Source data
******************************

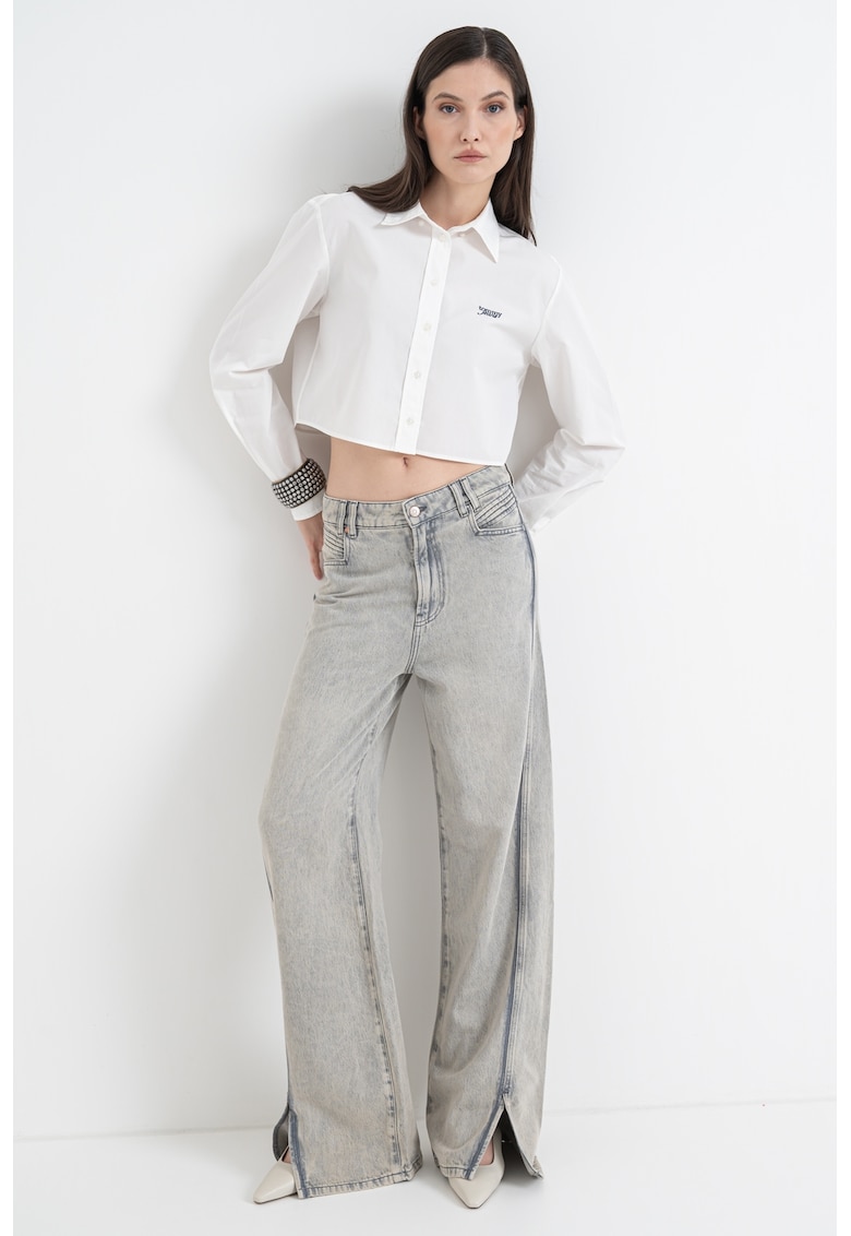 Caracteristici Culoare: alb Imprimeu: uni Stil: casual Material: bumbac Croiala: crop Lungime maneca: maneca lunga Sistem inchidere: nasturi Compozitie Exterior: 100% bumbac Info model Modelul poarta un produs de marimea S. Marimi model: 176 cm inaltime
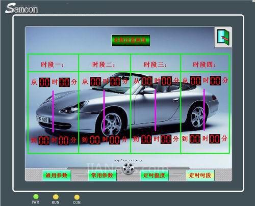 参数设置主要分为通用参数,常用参数,定时温度以及定时时段几个画面。通过这几个参数设置画面,可把各个时间段的温度以及每个时间段的轮换时间传送到PLC自动控制各个时间段的温度变化。下图为定时时段参数设置画面:
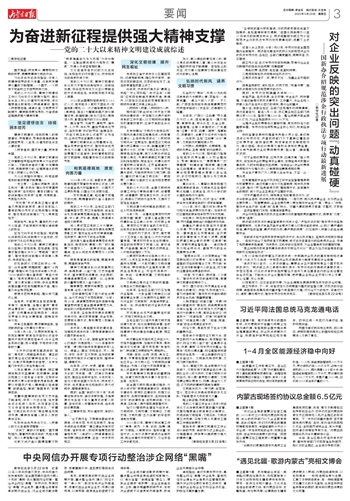 马克龙表示,法中、欧中关系至关重要,具有世界意义。无论国际形势如何变化,法方高度重视对华关系、坚定恪守一个中国原则的立场不会有任何改变。愿同中方加强经贸投资及各领域务实合作,保持双边关系良好发展势头,推动法中关系取得更大发展。■下转第3版
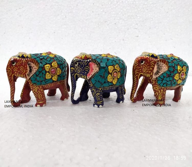 Belle sculptée à la main avec des statues d'éléphants en bois perlées en pierre exportateur en gros de l'Inde

******************************

What the task asks
The listing above needs to be output again exactly. Don't include the pictures.

Finished exercise
 Caracteristici Culoare: alb Imprimeu: uni Stil: casual Material: bumbac Croiala: crop Lungime maneca: maneca lunga Sistem inchidere: nasturi Compozitie Exterior: 100% bumbac Info model Modelul poarta un produs de marimea S. Marimi model: 176 cm inaltime
 参数设置主要分为通用参数,常用参数,定时温度以及定时时段几个画面。通过这几个参数设置画面,可把各个时间段的温度以及每个时间段的轮换时间传送到PLC自动控制各个时间段的温度变化。下图为定时时段参数设置画面:
 马克龙表示,法中、欧中关系至关重要,具有世界意义。无论国际形势如何变化,法方高度重视对华关系、坚定恪守一个中国原则的立场不会有任何改变。愿同中方加强经贸投资及各领域务实合作,保持双边关系良好发展势头,推动法中关系取得更大发展。■下转第3版
 Belle sculptée à la main avec des statues d'éléphants en bois perlées en pierre exportateur en gros de l'Inde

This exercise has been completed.